# tuning with Alpha-N



## bunnyslayer (Nov 2, 2006)

I'm sick of trying to get my itb's running right with speed-density.
I switch to Alpha-N and it's running way better then it has in a long time. But it takes more fuel to run it now then what a 454 big block would eat up. 
So my quiston is do I tune the maps the same way as if i was using 
speed-density? or is this a new ball park again


----------



## need_a_VR6 (May 19, 1999)

*Re: tuning with Alpha-N (bunnyslayer)*

You will tune the same way but they'll look very different. Make sure you have your vertical axis so it goes from min ADC to max ADC instead of from 30-100 and give yourself a lot of resolution in the 0-50% throttle range.


----------



## bunnyslayer (Nov 2, 2006)

*Re: tuning with Alpha-N (need_a_VR6)*

how do I change the vertical axis so it reads tps and not kpa ? Do I need to run rpm based accel? Sorry for the stupid qustions, I'm not going to lie I'm lost







.. For not having a clue I'm shocked at how good it runs. All I did was switch the algorithm 


_Modified by bunnyslayer at 9:58 PM 5-11-2008_


----------



## need_a_VR6 (May 19, 1999)

*Re: tuning with Alpha-N (bunnyslayer)*

In MT Configurator you need to switch the fueling type and it should start displaying in % I believe instead of kpa. You can tell when it's working by going key on and going to the VE table or into the VE tuning table and hitting the gas, the green area (or ball) should go up/down with the pedal. If it's set to MAP still it won't move. 
Generally on ITBs I use rpm accel but don't worry about that until the table is well tuned.


----------



## bunnyslayer (Nov 2, 2006)

*Re: tuning with Alpha-N (need_a_VR6)*

thanks http://****************.com/smile/emthup.gif Now I have another stupid qustion for you. What do I have going on here? I have the algorithm set to alpha and vertical axis reading map. I never changed any thing on the ve table or afr table and it runs the best it ever has, just a little hard on fuel. How is this even working?....

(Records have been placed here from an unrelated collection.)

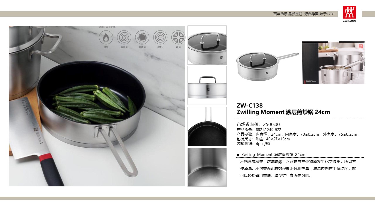 商品名称:ZW-C138 Zwilling Moment 涂层煎炒锅 24cm
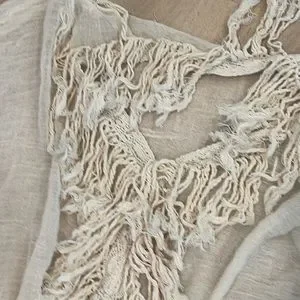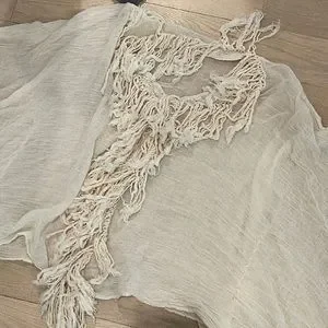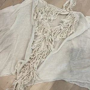 Beautiful fringe top from JPB. One size, could easily fit xL. Semi sheer due to the gauze fabric. I’m considering altering this piece but wanted to offer it for sale first
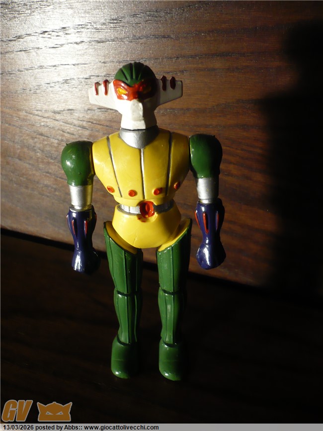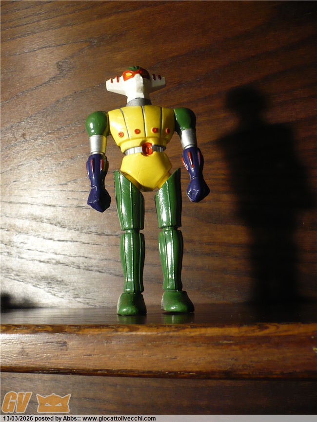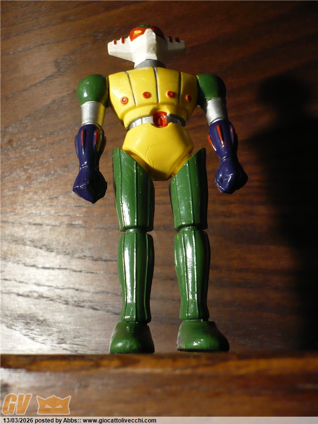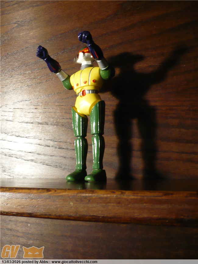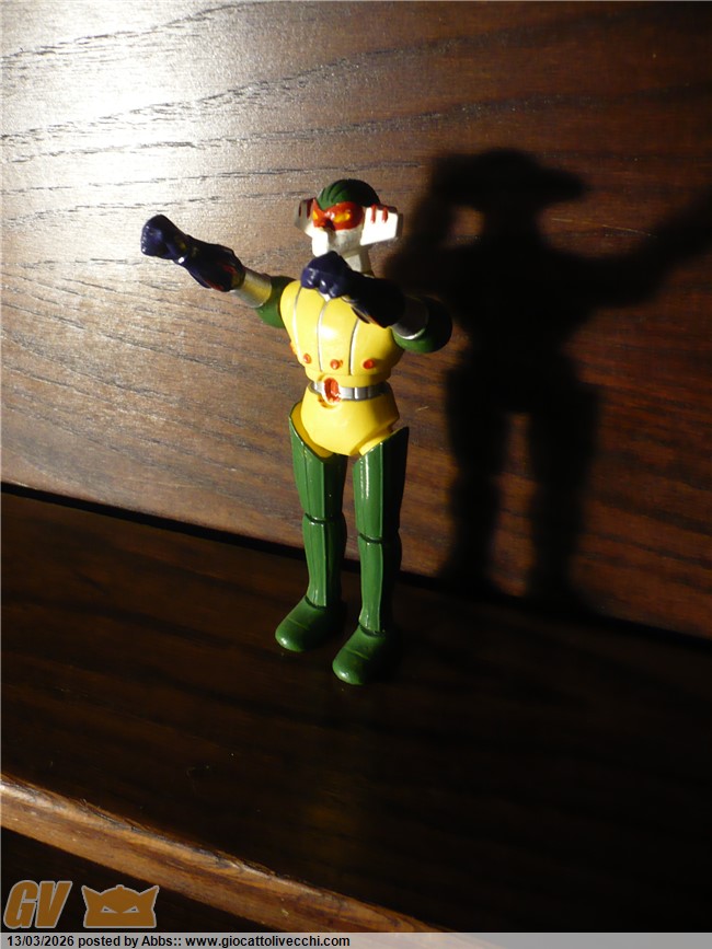 questo qui sotto è il Jeeg della Gig, aha aha aha aha! sembra un gioco di parole! ( è quello in blister distribuito dalla Gig ). un pezzo stupendo secondo me. questo poi è come nuovo. magari averlo avuto da piccolo! l`avrei fatto battagliare con mille dinosauri! che pomeriggi! magari proprio dopo il cartone! con questo mini Jeeg, impavido contro dinosauri giganteschi! te lo potevi portare dove volevi e vivere mille avventure proprio come nel cartone. bellissimo!
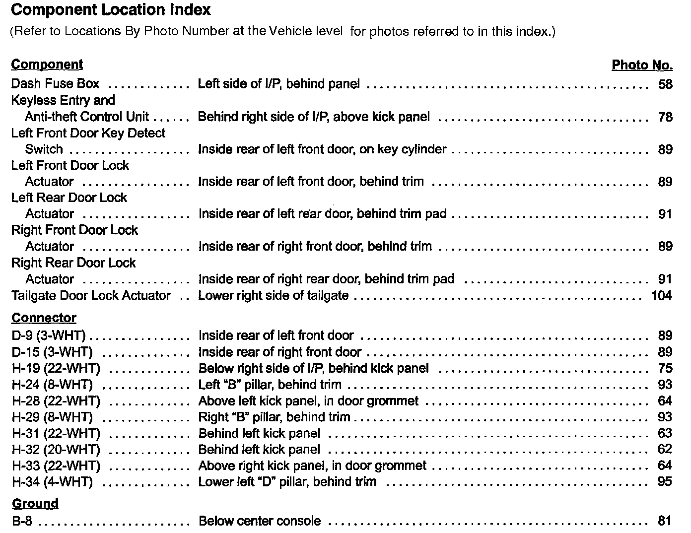 Component Location Index
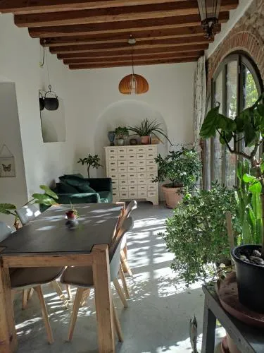 Featuring a private entrance, this air-conditioned holiday home is comprised of 1 living room, 2 separate bedrooms and 2 bathrooms with a shower and a hairdryer. The holiday home's kitchen, which features a refrigerator and kitchenware, is available for cooking and storing food. The spacious holiday home offers a coffee machine, a seating area, a dining area as well as a terrace with garden views. The unit offers 4 beds.
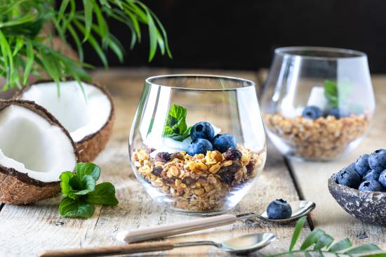 Обои Мюсли с ягодами черники на столе с кокосом
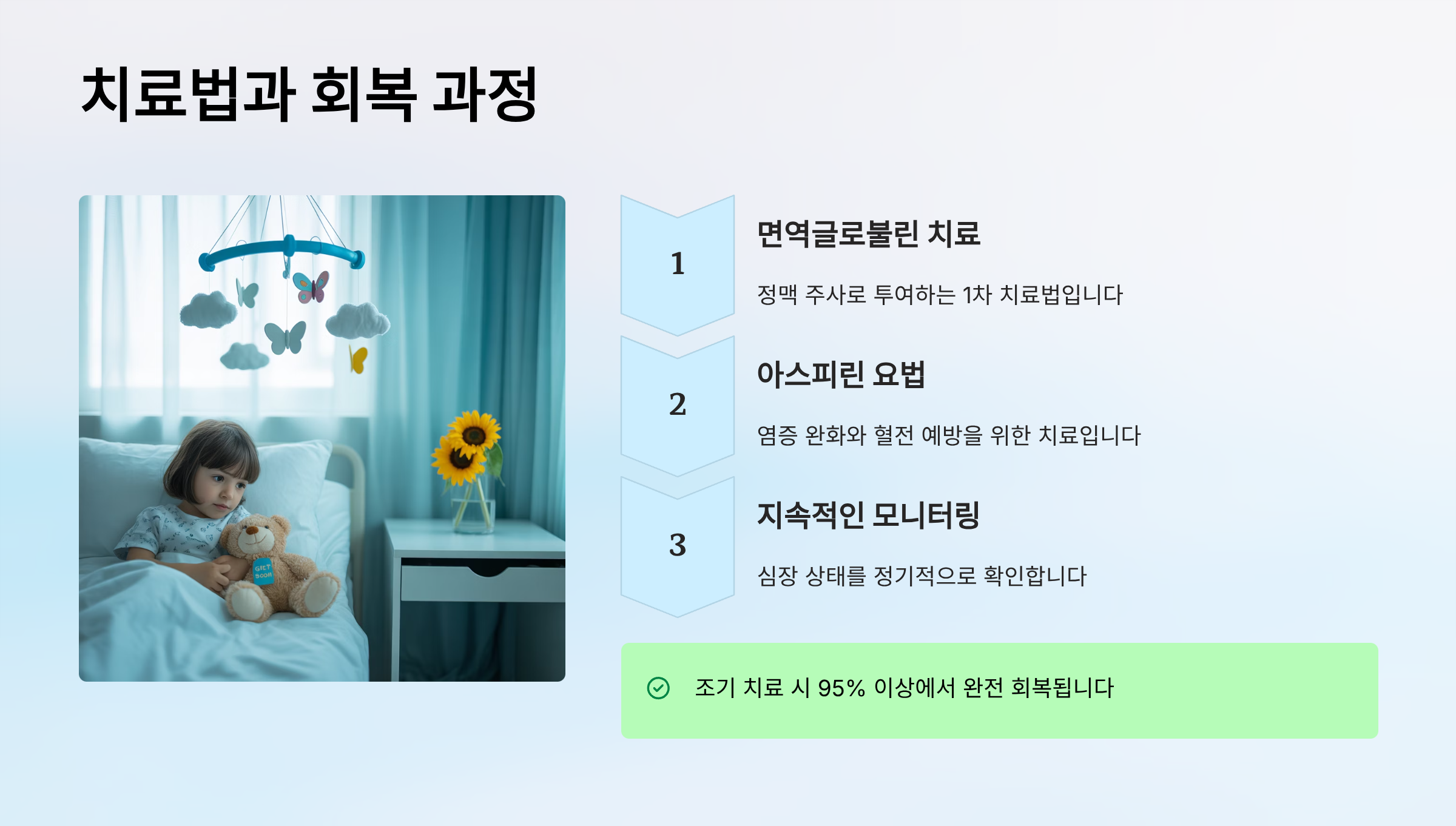 아이가 심장 합병증 없이 회복되었다면, 특별한 치료 없이도 건강하게 성장할 수 있어요. 하지만 관상동맥에 이상이 발견된 경우, **심장 전문의와의 지속적인 관리와 약물 치료**가 필요할 수 있어요.
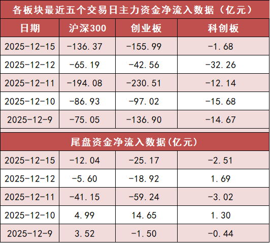 沪深300今日(12月15日)主力资金净流出136.37亿元,创业板净流出155.99亿元。
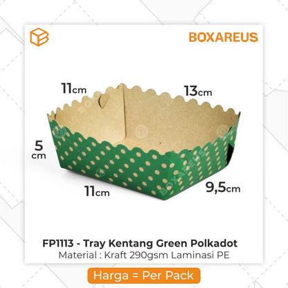 Bentuk lembaran Model Lipat dan kancing, praktis dan memudahkan dalam pengiriman.Cocok digunakan untuk makanan seperti kentang goreng, dimsum, takoyaki, gorengan, nachos, wings ayam, dll.
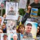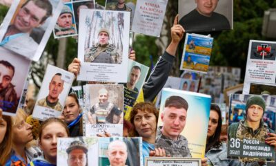 Item 1 of 6 People hold portraits of their relatives, Ukrainian prisoners of war (POWs), hoping they will be recognized by...
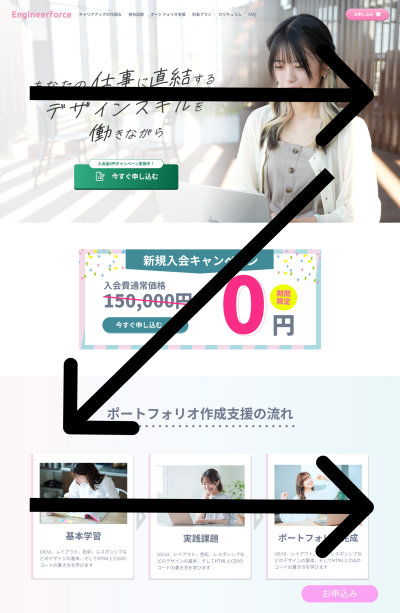・ヘッダー → メインビジュアル → サービス紹介 → CTA(行動ボタン) というように、Z型に沿ったレイアウトは、視線誘導に効果的です。
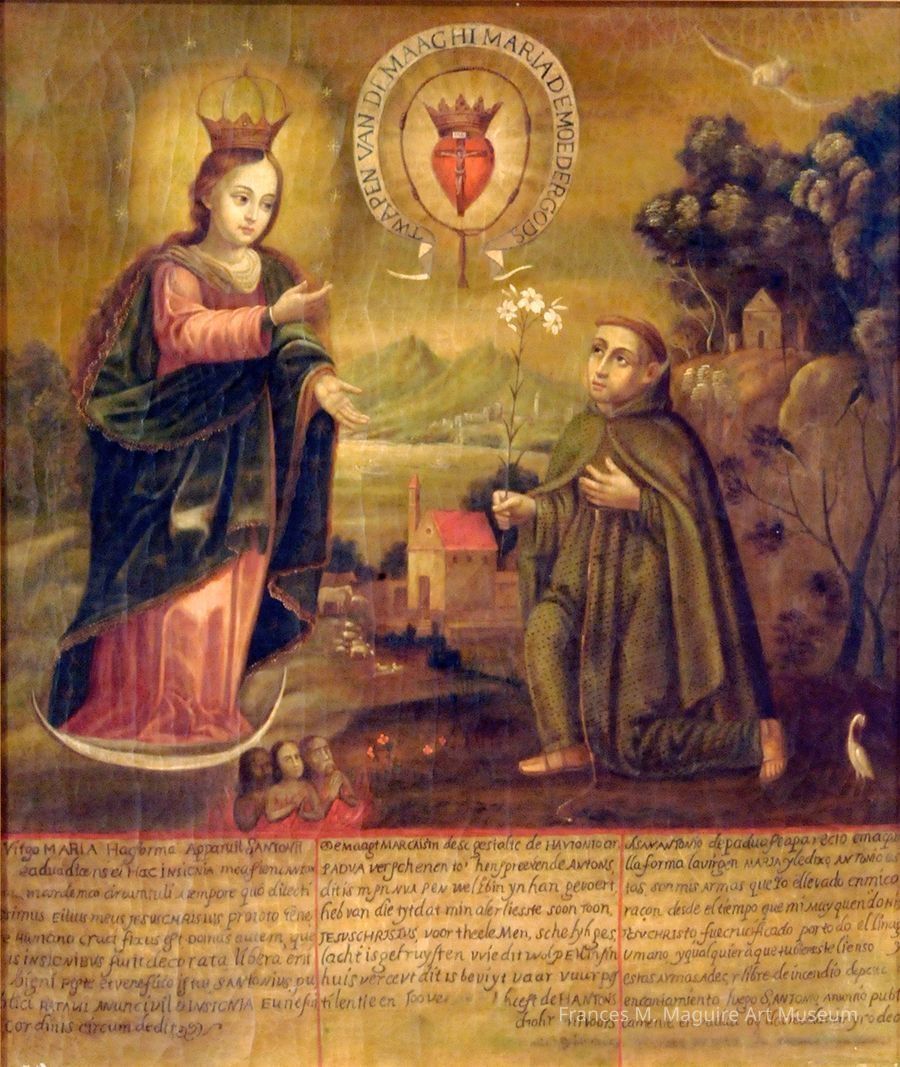 20th-c. reproduction of a painting of St. Anthony of Padua and the Virgin Mary. This work is a combination of painting and game board (of unknown rules) and features texts in Latin, Spanish, and Dutch, respectively.Made/Created
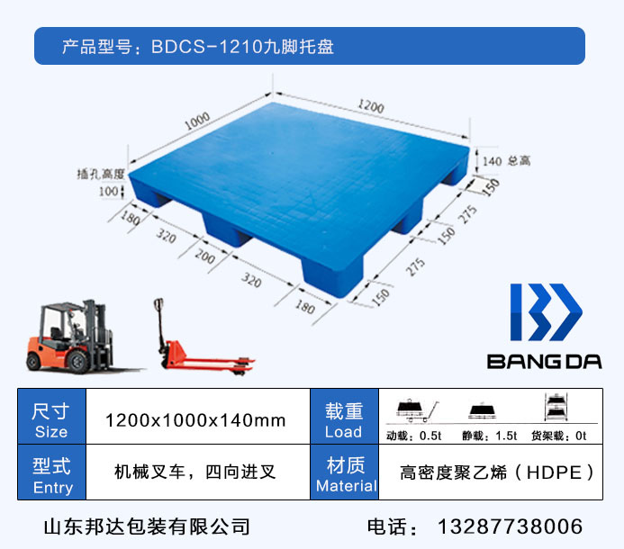 九腳塑料托盤,即根據(jù)托盤的外形來看,這種類型的托盤底部是九腳,因此得名九腳塑料托盤。一般這種裝載比較輕,不適合上架裝載貨物,也不適合轉(zhuǎn)運(yùn)重物。九腿托盤一般用作倉庫的輕貨墊板,叉車用于翻輕貨。這樣的盤面形狀有:平面和網(wǎng)格之分。
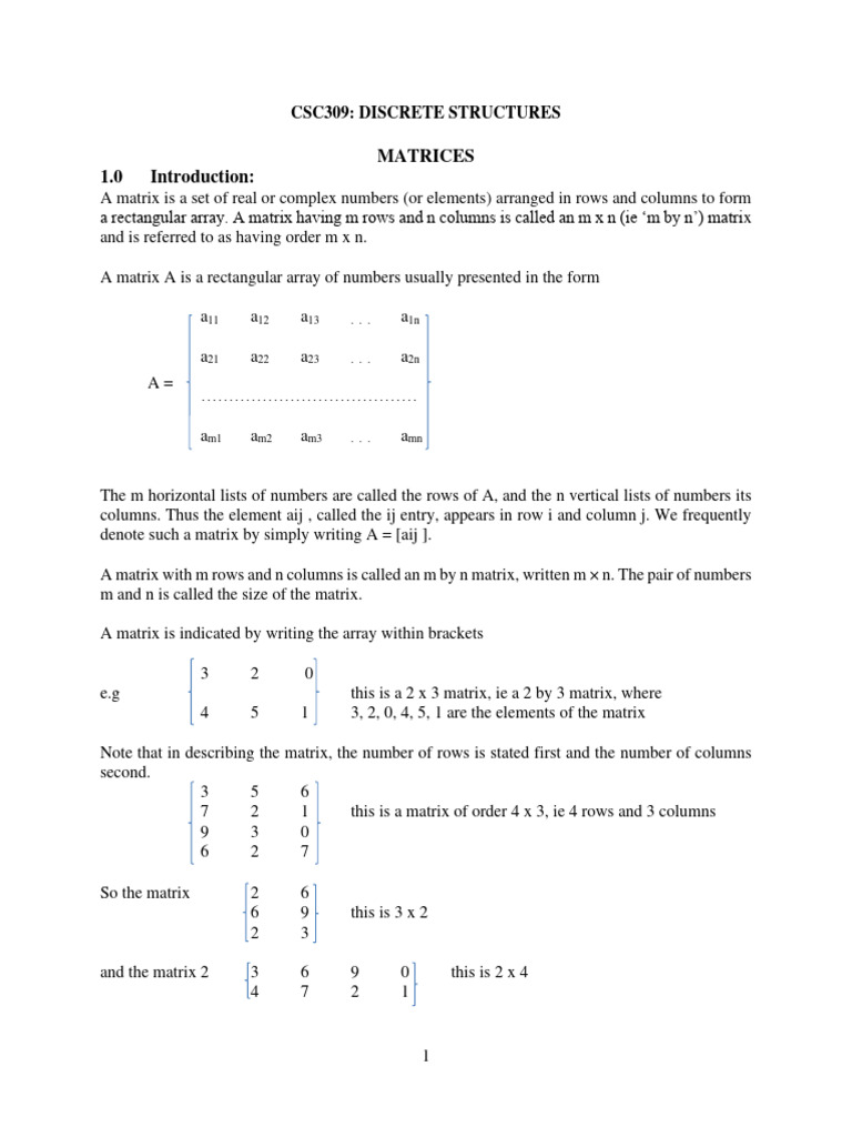 A matrix is a set of real or complex numbers (or elements) arranged in rows and columns to form
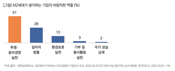 MZ세대가 생각하는 기업의 바람직한 역할로 ‘투명‧윤리경영 실천’(51%)이 1위로 꼽인 것으로 조사됐다.

_Modified by bunnyslayer at 9:06 PM 5-12-2008_


----------



## need_a_VR6 (May 19, 1999)

*Re: tuning with Alpha-N (bunnyslayer)*

Haha, who knows, you probably just haven't done ONE thing needed to enable Alpha-N. If you do it right it reads TPS at the top of that axis. 
Make sure you have:
Alpha-N selected under Engine Constants - Control Algorithm
Alpha-N selected under your car folder, in your Settings - Settings - Fueling Algorithm (make sure you save the ini before you close)


----------



## bunnyslayer (Nov 2, 2006)

*Re: tuning with Alpha-N (need_a_VR6)*

I tryed it like that but I never re-tuned(I just don't have the time right now) so it runs like crap. I end up switching it back so it reads map and in alpha. I have no clue how or why it Works like this, all I know is it works and it works really well. 
So I'm not going to fugk with it









how are you guys up loading pics of your maps?
I would like to have you have a look at mine, that is if you wouldn't mind


----------



## need_a_VR6 (May 19, 1999)

*Re: tuning with Alpha-N (bunnyslayer)*

Usually I just do a print-screen and then save that as a picture in photoshop and upload it. Not sure if there's an easier way.


----------



## bunnyslayer (Nov 2, 2006)

*Re: tuning with Alpha-N (need_a_VR6)*




























































_Modified by bunnyslayer at 10:17 PM 5-14-2008_


----------



## need_a_VR6 (May 19, 1999)

*Re: tuning with Alpha-N (bunnyslayer)*

Do me a favor, with key on go to VE table 1, and there should be a highlighted green cell (current), with no and full throttle what bins are highlighted?


----------



## bunnyslayer (Nov 2, 2006)

*Re: tuning with Alpha-N (need_a_VR6)*

the highlighted green cell is at 90kpa 500 rpm and in the 42 VE cell
with no and full throttle..
I take it ms uses the map as a bero with the engine off


----------



## need_a_VR6 (May 19, 1999)

*Re: tuning with Alpha-N (bunnyslayer)*

Yes, but that confirms that you're actually running off of speed-density and not Alpha at all.


----------



## rabbot16v (Jun 24, 2006)

*Re: tuning with Alpha-N (need_a_VR6)*

sounds like you still haven't done this
"Alpha-N selected under your car folder, in your Settings - Settings - Fueling Algorithm (make sure you save the ini before you close)"
once that is done, all the bins should change to TPS


----------



## bunnyslayer (Nov 2, 2006)

*Re: tuning with Alpha-N (need_a_VR6)*

Yes I was thinking that I was still in speed density.
But what I don't under stand is when I set it to read speed-density
It runs really crapy. 
Just by switching the setting to alpha it fixed ever thing
How is this even possible? 
let alone how is the car even running the way I have it set up right now


----------